Prioritize your weakness. If you have an imbalance or weakness it’s very important to focus all of your energy on fixing it. Train it first when you are physically and mentally fresh. If your bicep is weak make it’s the first body part you train at the beginning of your workout. It just wouldn’t make sense to train it at the end of a workout when you are tired and more likely to get injured.
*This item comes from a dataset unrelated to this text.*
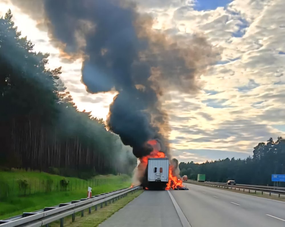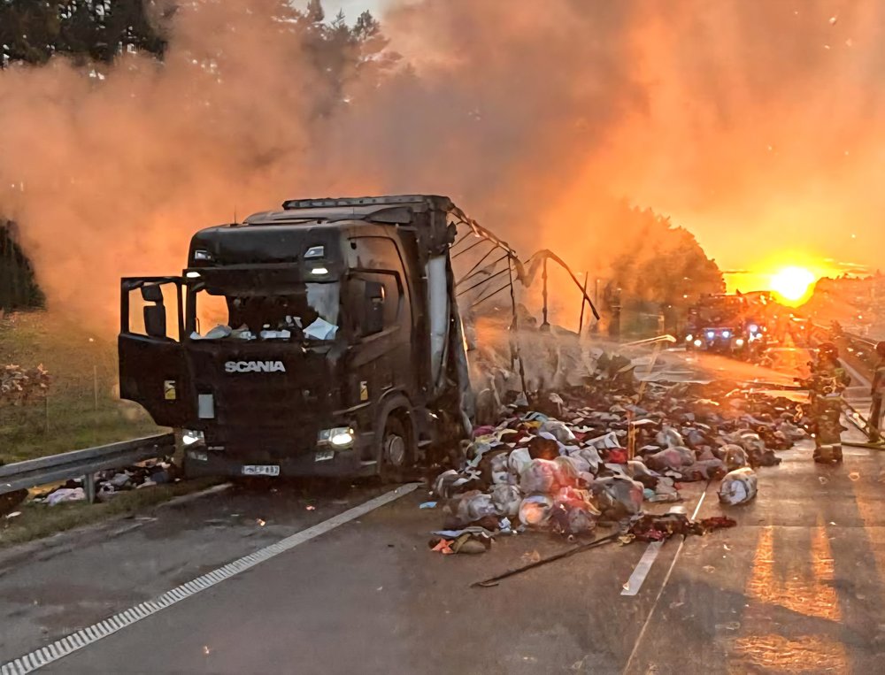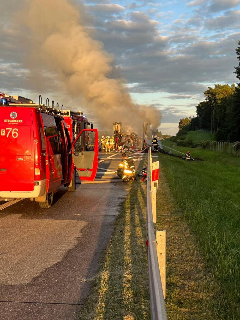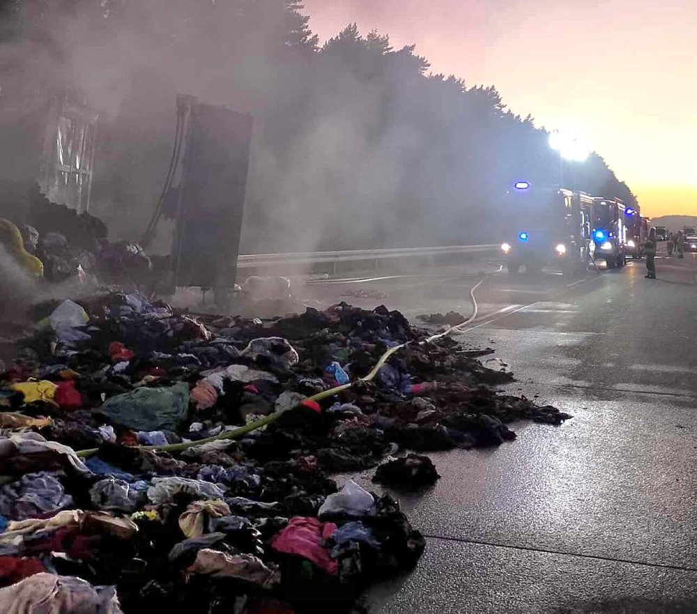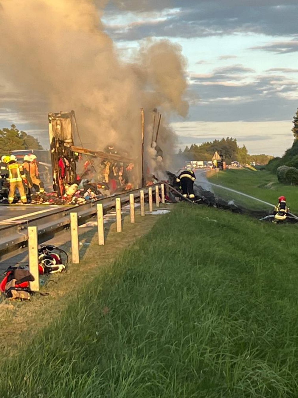 Pożar ciężarówki wiozącej tekstylia wybuchła na autostradzie A2. Kłęby dymu widoczne były z wielu kilometrów. Z pożarem walczyło osiem zastępów straży pożarnej zawodowej oraz OSP.

Use unilateral movements. Unilateral movements are exercises that work one side of the body at a time. If your left bicep is weak and you are doing barbell curls that allow both arms to lift the weight together you will never correct the problem because you body will shift and use the strong side to do most of the work. Instead use exercises that force each side of the body to lift the weight independently. Dumbell bicep curls would be a much better choice because both biceps are forced to lift the weight equally.
Do not increase the weight until both sides of the body are capable of handling the workload. In my opinion the biggest mistake people make when trying to recover from an injury is trying to lift too much weight. For example if its left bicep that’s weak and you are doing dumbbell curls to strengthen it, don’t add weight until both arm are capable of handling the work load. You may have to hold back a little with the strong arm until the weak arm catches up but the end result will be a stronger more balanced body.
Remember correcting a muscle imbalance will take a little patience. Take it slow and be sure to get permission from your doctor before you resume weight training.